From Thai Vegetarian
Cooking, Vatcharin Bhumichitr, Pavilion, 1991.
I really wanted to succeed with making won ton and I felt
sure that with this book I would probably not go wrong. So far, all that I have
made from Thai Vegetarian Cooking has
been a success.
It was not difficult making the filling. Boiling an egg and
chopping the white couldn’t be easier.
Making a paste in the mortar and pestle with coriander roots and
peppercorns no problem. Frying some garlic in oil to make a garlic oil was
pretty basic. Chopping and mixing the
final ingredients: bamboo shoots, water chestnuts and onion, and some bindings like
flour and egg white, together with flavourings like soy sauce, sugar and the
paste was the most difficult process so far.
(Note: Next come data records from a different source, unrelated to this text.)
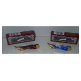 Pocket Knives. Frost Cutlery and Steel Warrior Pocket Knives measuring 2.75" and 4" Locking overall. Please see additional pictures for detail. Condition: Very Good |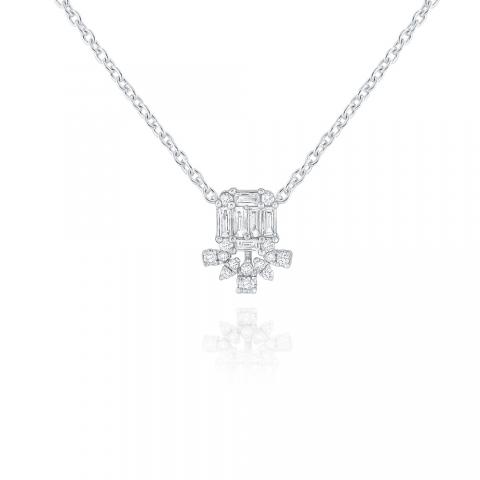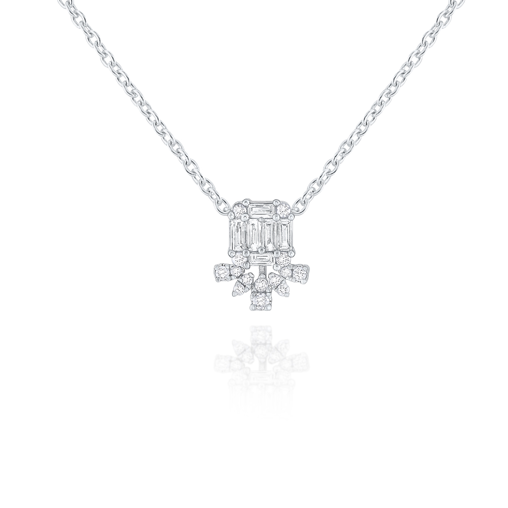 Round and baguette diamonds make up this adorable modern necklace on an adjustable chain. Pair with the matching earrings E9665.
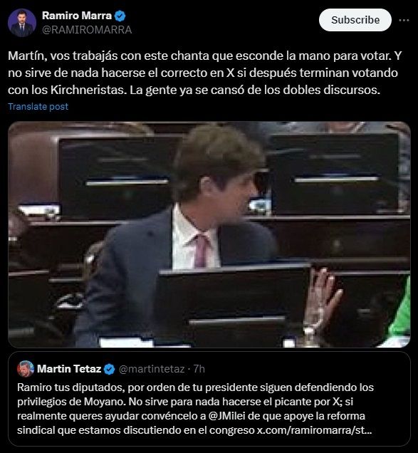 Inmediatamente, Tetaz apuntó contra el libertario y lo acusó de “defender los privilegios” del sindicalista “por orden del Presidente”. "Ramiro tus diputados, por orden de tu Presidente, siguen defendiendo los privilegios de Moyano. No sirve para nada hacerse el picante por X; si realmente querés ayudar, convéncelo a Javier Milei de que apoye la reforma sindical que estamos discutiendo en el Congreso”, escribió Tetaz.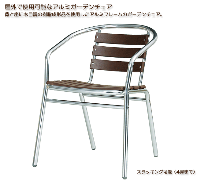 ガーデンチェア 木目柄 樹脂成型 業務用 アームチェアガーデンチェア アルミアームチェア AL-P53AC 4脚セット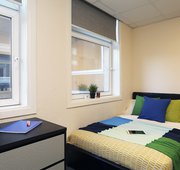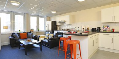 A large 15m2 Deluxe en-suite with ¾ sized bed, wardrobe, chest of drawers, mini fridge, safe and study desk. En-suite is fitted with a power shower. In clusters of 8 study rooms sharing a communal kitchen and living area.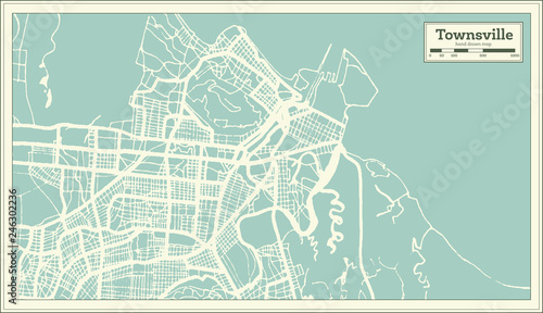 © BooblGum, Fototapeta premium Townsville Australia City Map in Retro Style. Outline Map.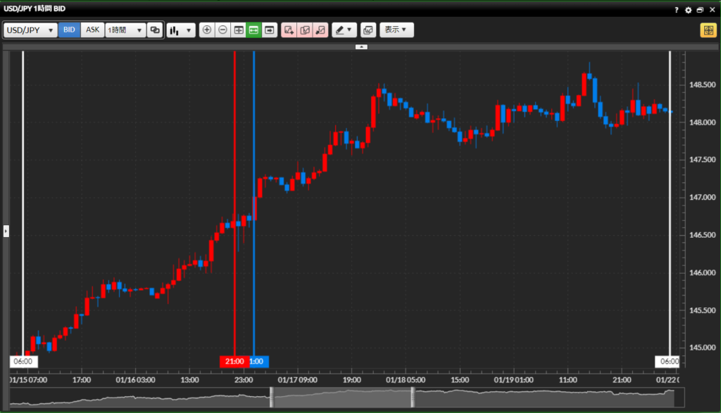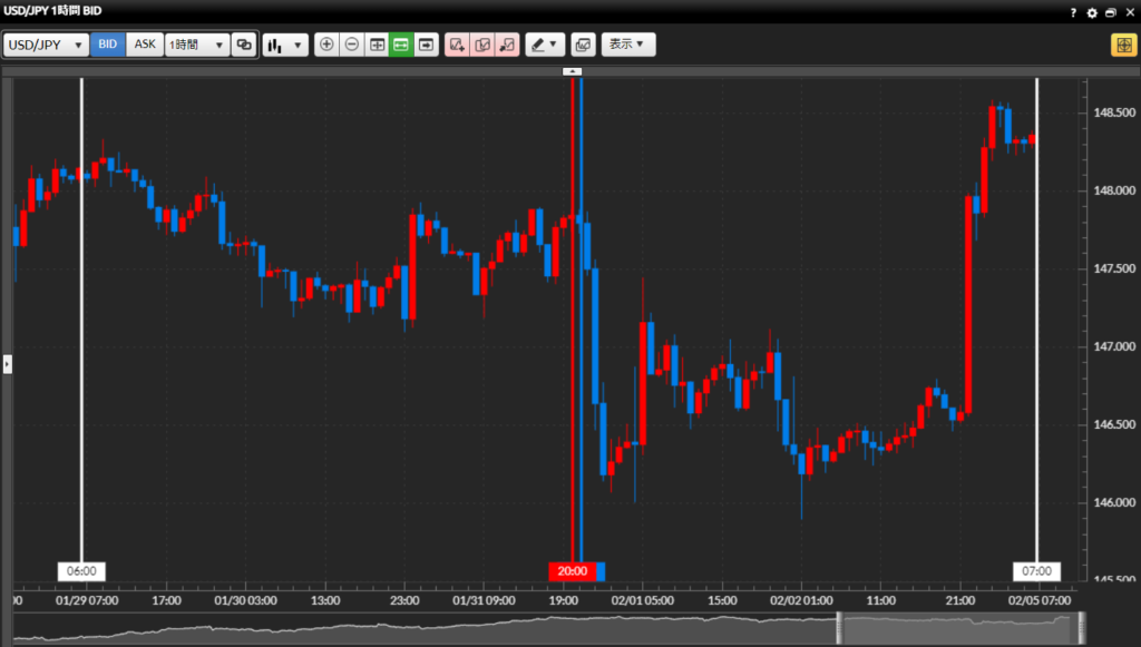 トレード分析:今週はアメリカの休場(2/19)や日本の祝日(2/23)があり、実質的な稼働日が少ない週となりました。大きな経済指標も特になく、アメリカの長期金利動向に沿った値動きを示した週でした。2/22に発表のあったアメリカ新規失業保険申請者数等の指標は軒並み予想を下回っており、アメリカ経済の順調ぶりを示すものでした。2024年に入ってからのドル円はドル高円安トレンドが継続しおり、今後の目安は直近では2月高値の150円79銭のラインを超えてくるかどうか、また、昨年11月の高値の151円71銭を超えてくるかどうか。そのあたりまで来ると日銀の為替介入の可能性が高まってくるが、ここ2年の間に3発ほど為替介入を打ってきて、その効果が徐々に弱まってきている。今回も為替介入をしてきても果たして前回の10円も下げる威力があるのかどうか。すべてはアメリカ経済の動向や日銀のマイナス金利解除といった大きなファンダメンタルとどれだけ絡めることが出来るかで変わってくる。大局がドル高円安の今、為替介入をしても効果は限定的なものとなる可能性が高いように思われる。こんな相場状況の時は大局に沿ったトレードでテクニカルを活かしたものをコツコツ積み重ねたトレードで利益を積み重ねていきたい。そんな今週のトレード結果は勝ち越し週となった。トレード回数は2回と少なく、アメリカ長期金利に沿ったテクニカルトレードを行ったもの。先に述べた高値ラインを超えてくるまではコツコツトレードが続きそうだ。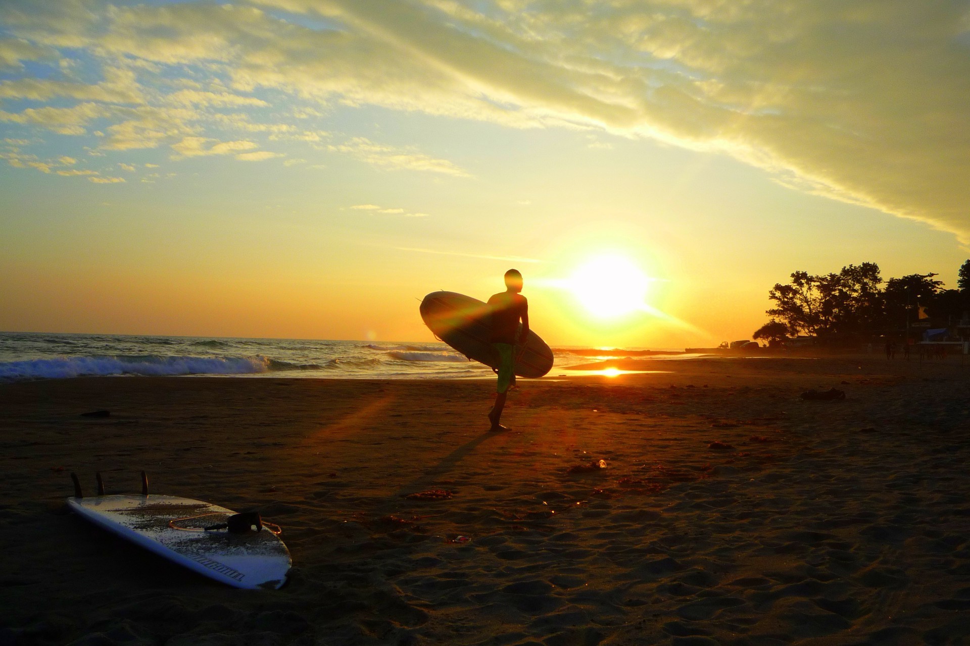 Il surfista porta la sua tavola da pattinaggio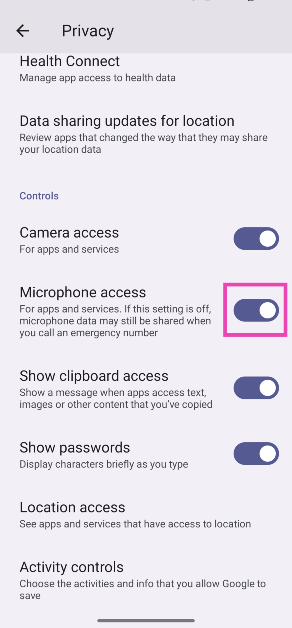 3. Adım:Aşağı kaydırın ve yanındaki geçiş anahtarını aç/kapatMikrofon erişimi.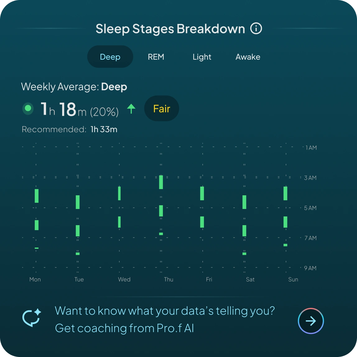 - Sleep stages (light, deep, REM, awake)

It was filling the won tons and making them into the
required shape where I fell down. The instructions were not completely clear in
that it just said to gather the edges together and crimp them to form a money
bag. I tried to close the bags tight which apparently was not what was required. They
would not stay closed. The bags would not hold together. I have a feeling that
I did not get the filling satisfactorily sticky to hold the pastry. After a lot of squeezing and binning of a few, some cursing and complaining, I had enough
to put in the steamer.
They were all right, I suppose, but they weren’t right. They
had a nice crunch and the flavour was not too bad, but they looked wrong.
I have since been shown what they should have been. The
money bag is left open rather than closed tightly.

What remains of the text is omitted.